A “matheuristic” powerhouse
The project team working with Karl Dörner at the Department of Business Administration of the University of Vienna is developing an innovative analysis procedure for modelling complex route planning problems on a digital drawing board. This procedure uses heuristic methods that can quickly calculate good solutions with limited information, and that can be combined with exact algorithms for the final optimising touch: “Our hybrid approach, SANSERO, first combines a special calculation method – set partitioning – with a metasearch method. Afterwards, this approach is combined with what is known as path relinking to solve multi-objective problems. Further calculations then make it possible to compare and evaluate the results”, says Karl Dörner.
Routes without routines
In a computer-based system, this hybrid approach can be used to produce minimal driving times and, simultaneously, the most heterogeneous routes possible. These are defined by the avoidance of predictable patterns. In this way, certain routes are not repeated at all, if possible, or a discernible periodicity of the repetitions is avoided. These are important criteria, particularly for applications in the field of security: “For example, different buildings must be checked at periodic intervals, and the check times and routes must always be different in order to reduce the risk of an incident”, says Dörner. Tasks involving so-called mobile routing components, where the security personnel and/or the objects or individuals to be guarded are mobile, are particularly complex to model. The SANSERO approach now makes it possible to model precisely these problem situations. A cash transporter, for instance, can avoid predictable routes and routines without forgoing the shortest possible route, thus reducing the risk of a robbery. This protects both the transported goods and the transport staff, saves personnel and fleet costs, and safeguards the environment by reducing fuel consumption and traffic volume.
To further improve the practical suitability of the system, there are also plans to create possibilities to incorporate calculations for additional ad hoc personnel requirements, for instance due to unforeseen events. Real-time data and the hands-on know-how of industry partner ÖWD Österreichischer Wachdienst security GmbH & Co KG constitute further important input for the planned test runs.
This practise-oriented basic research at the University of Vienna, with the support of the Austrian Science Fund FWF, will allow this system to be developed into a comprehensive decision-supporting planning tool for the security industry. The acquired data will thus also pave the way for exploiting their potential for commercial applications. In this way, scientific achievements will soon contribute to optimising not only business costs, but also the safety of individuals insecurity professions.

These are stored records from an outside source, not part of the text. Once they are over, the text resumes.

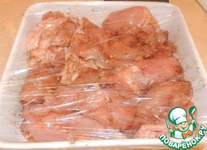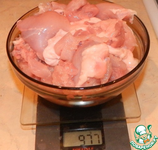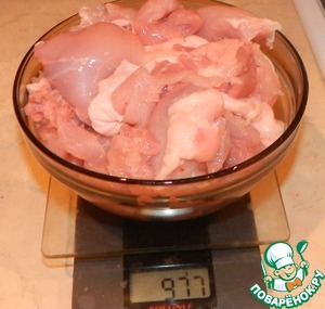 Отделяем мясо от костей, режем крупными кусочками, вместе с кожей.
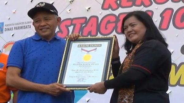 Pemecahan rekor itu dilakukan di pelataran Candi Banyunibo, Sleman, DIY, Minggu (7/10/2018). Butuh 100 pelajar untuk membentangkan kain tenun stagen sepanjang 1.001 meter tersebut.
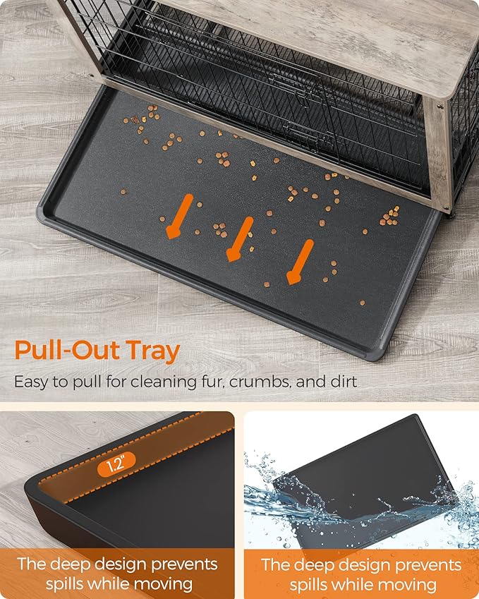 - [Sturdy and Chew-Resistant] Made with durable particleboard and steel, this piece of dog furniture is sturdier and more chew-resistant than wooden dog crates, offering a lasting, stable, and safe retreat for your fur friend
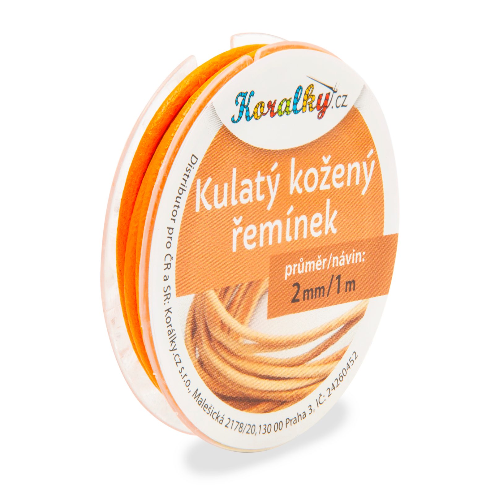 Kulatý kožený řemínek 2mm/1m oranžový č.33 je kvalitní barvený řemínek vyrobený z pravé hověziny. Kožený řemínek je vhodný pro zavěšení přívěsku nebo na výrobu šperků. Vhodně se kombinují s přírodními materiály, dřevěnými korálky a minerály.
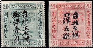 清朝海關郵政曾以小龍郵票“參分銀”和“五分銀”加蓋中文“台灣郵票”4字及斜印英文"FOR-MOSA"(福摩薩)兩種,很明顯,蓋英文者擬給洋人使用,蓋中文者擬為華人使用。這種郵票在英國印刷加蓋(陳志川看法),運送不能及時,加上各郵站郵資計算不便,未曾被劉銘傳採用。
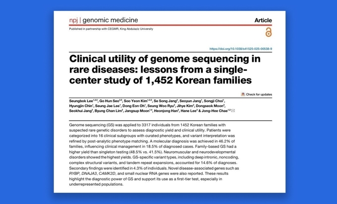 AI 기반 희귀 유전질환 진단 기업 쓰리빌리언은 서울대병원 희귀질환센터와 공동으로 수행한 국내 최대 규모의 희귀질환 전장유전체분석(WGS) 임상 연구 결과가 세계적인 학술지 네이처의 유전체의학 분야 전문 학술지인 'npj Genomic Medicine'에 게재됐다.
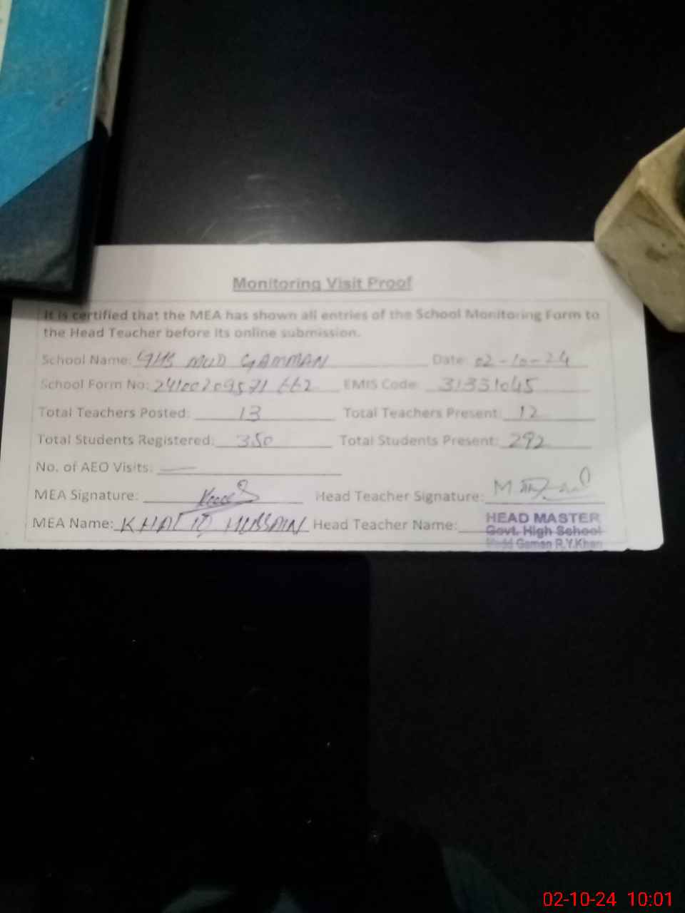 | Attendance Register | Head Teacher | MEA with School | Visit Proof |
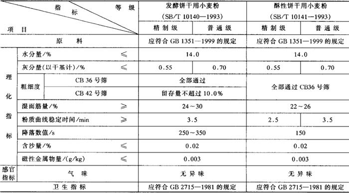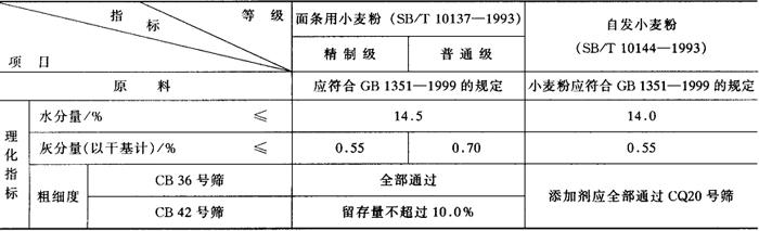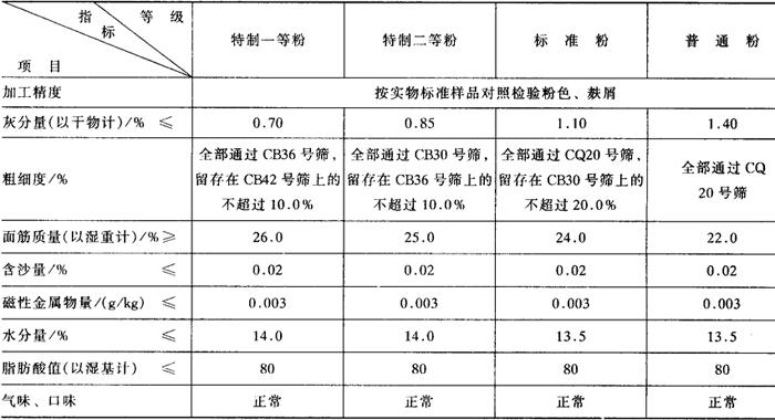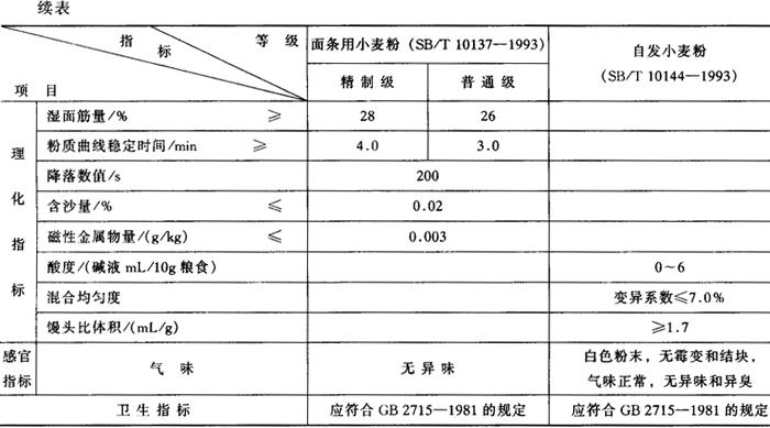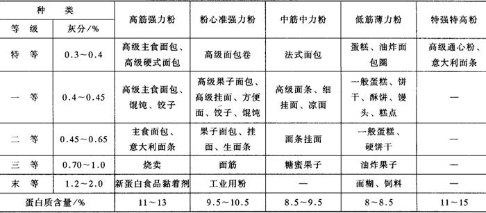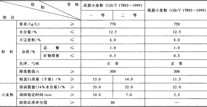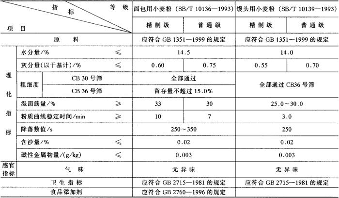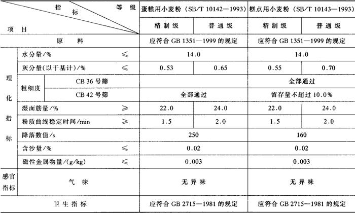 释义 | 小麦粉 (一)我国小麦粉的种类和等级标准 我国现行的面粉等级标准主要是按加工精度来分等的。国家标准中将面粉分为四等,即:特制一等粉、特制二等粉、标准粉和普通粉。 我国小麦粉的质量标准参见GB1355-1986《小麦粉》,其具体指标见表1-1-5。 表1-1-5 我国小麦粉的质量标准(GB1355-1986) 评定面粉质量的项目包括:水分、灰分、粉色、麸屑、粗细度、含沙量、磁性金属物、面筋质、气味口味、脂肪酸值等。 其中灰分和粉色主要反映面粉的精度,即面粉含麸屑的多少;而含沙量和磁性金属物反映外来无机杂质含量的多少;气味、口味、脂肪酸值反映面粉有无变质,均为面粉纯度的指标。 特制一等粉、特制二等粉和标准粉的加工精度,均以国家制定的标准样品为准。普通粉的加工精度标准样品,则由省、自治区、直辖市制定。 (二)我国小麦粉的卫生标准 我国小麦粉的卫生指标应符合GB2715-1981《粮食卫生标准》的规定和其他相关标准。粮食的卫生指标详见表1-1-6。 表1-1-6 粮食卫生指标 在小麦粉中使用的食品添加剂也应符合GB2760-1996《食品添加剂使用卫生标准》的规定。进口小麦粉的植物检疫,按照国家有关规定执行。 (三)食品专用小麦粉 食品专用小麦粉在国外已发展到20多种,主要有面包粉、饼干粉、糕点粉、面条粉及家庭粉等。我国食品专用小麦粉生产的发展速度也很快,目前已有十几个品种。 小麦粉按面粉筋力分为高筋小麦粉和低筋小麦粉;按适用食品种类分为面包粉、饺子粉、面条粉、馒头粉、饼干粉、糕点粉及家庭自发粉等。 1.高筋小麦粉(High gluten wheat flour) 高筋小麦粉应选用硬质小麦加工,用于生产面包等高面筋质食品。高筋小麦粉以面筋含量和灰分划分等级。 高筋小麦粉的质量标准参见GB/T 17892-1999《优质小麦强筋小麦》,其等级指标及其他质量指标见表1-1-7。 表1-1-7 高筋小麦粉、低筋小麦粉质量指标 检验粉色、麸屑的标准样品按照GB 1335-1986《小麦粉》中规定的实物标准样品制作。其中,一等高筋小麦粉对应特制一等小麦粉标准样品,二等高筋小麦粉对应特制二等小麦粉标准样品。 检测粗细度时,筛上剩余物在感量0.1g天平上称量不出数的,视为全部通过。 气味、口味:一般高筋小麦粉固有的综合气味和口味。 卫生指标按国家有关标准规定执行,见表1-1-6粮食卫生指标。 动植物检疫按国家有关规定执行。 2.低筋小麦粉(Low gluten wheat flour) 低筋小麦粉应选用软质小麦加工,用于生产饼干、糕点等低面筋食品。低筋小麦粉以面筋质含量和灰分划分等级。 低筋小麦粉的质量标准参见GB/T 17893-1999《优质小麦低筋小麦》,其等级指标及其他质量指标见表1-1-7。 3.各种食品专用小麦粉 专用小麦粉是指专供生产某类食品或只作某种用途的小麦粉。我国现在已有行业标准的专用小麦粉有:面包用小麦粉、面条用小麦粉、饺子用小麦粉、馒头用小麦粉、发酵饼干用小麦粉、酥性饼干用小麦粉、蛋糕用小麦粉、糕点用小麦粉、自发小麦粉等。 食品专用小麦粉按质量标准分为两等,一等是精制级专用粉,其各项质量标准较高,与国外专用粉质量相近;二等是普通级专用粉,适合于我国当前小麦品质状况,可以基本上满足焙烤食品工业产品加工的要求。 各种食品专用小麦粉的袋装、散装产品保质期均不低于3个月。袋装产品应存放在清洁、干燥、无污染的仓库中,散装产品应存放在散装袋中。 (1)面包用小麦粉 面包专用小麦粉是以小麦为原料制成的制作主食面包和花色面包专用的小麦粉,其质量标准参见SB/T 10136-1993《面包用小麦粉》。 面包用小麦粉的技术要求见表1-1-8。 表1-1-8 面包用小麦粉和馒头用小麦粉的技术要求 (2)馒头用小麦粉 馒头用小麦粉是制作馒头及包子、花卷专用的小麦粉,其质量标准参见SB/T10139-1993《馒头用小麦粉》。 馒头用小麦粉的技术要求见表1-1-8。 (3)发酵饼干用小麦粉 发酵饼干用小麦粉是制作发酵饼干专用的小麦粉,其质量标准参见SB/T 10140-1993《发酵饼干用小麦粉》。 发酵饼干用小麦粉的技术要求见表1-1-9。 表1-1-9 发酵饼干用小麦粉和酥性饼干用小麦粉的技术要求 注:检测粗细度时,筛上剩余物在感量0.1g天平上称量不出数,视为全部通过。 (4)酥性饼干用小麦粉 酥性饼干用小麦粉是制作酥性饼干专用的小麦粉,其质量标准参见SB/T10141-1993《酥性饼干用小麦粉》。 酥性饼干用小麦粉的技术要求见表1-1-9。 (5)蛋糕用小麦粉 蛋糕专用小麦粉是以软质小麦为原料制成的制作蛋糕用的小麦粉,其质量标准参见SB/T 10142-1993《蛋糕用小麦粉》。 蛋糕用小麦粉的技术要求见表1-1-10。 表1-1-10 蛋糕用小麦粉和糕点用小麦粉的技术要求 (6)糕点用小麦粉 糕点用小麦粉是以软质小麦为原料制成的制作酥类糕点专用的小麦粉,其质量标准参见SB/T 10143-1993《糕点用小麦粉》。 糕点用小麦粉的技术要求见表1-1-10。 (7)面条用小麦粉 面条用小麦粉是以小麦为原料制成的制作面条和挂面专用的小麦粉,其质量标准参见SB/T 10137-1993《面条用小麦粉》。 面条用小麦粉的技术要求见表1-1-11。 表1-1-11 面条用小麦粉和自发小麦粉的技术要求 (8)自发小麦粉 自发小麦粉是一种以小麦粉为原料,添加食用膨松剂,不需发酵便可制作馒头以及蛋糕等膨松食品。自发小麦粉的质量标准参见SB/T 10144-1993《自发小麦粉》,其技术要求见表1-1-11。 (四)香港面粉的等级

Karl Dörner is professor at the Department of Business Administration of the University of Vienna. Dörner is head of Production and Operations Management with International Focus. His research interests are Computational Logistics and Transportation, Supply Chain Management, Compound and Integrated Problems in Supply Chain Logistics, Metaheuristics and Hybrid Search Techniques, Multiple Objectives, Dynamic Problems and Generic Modelling.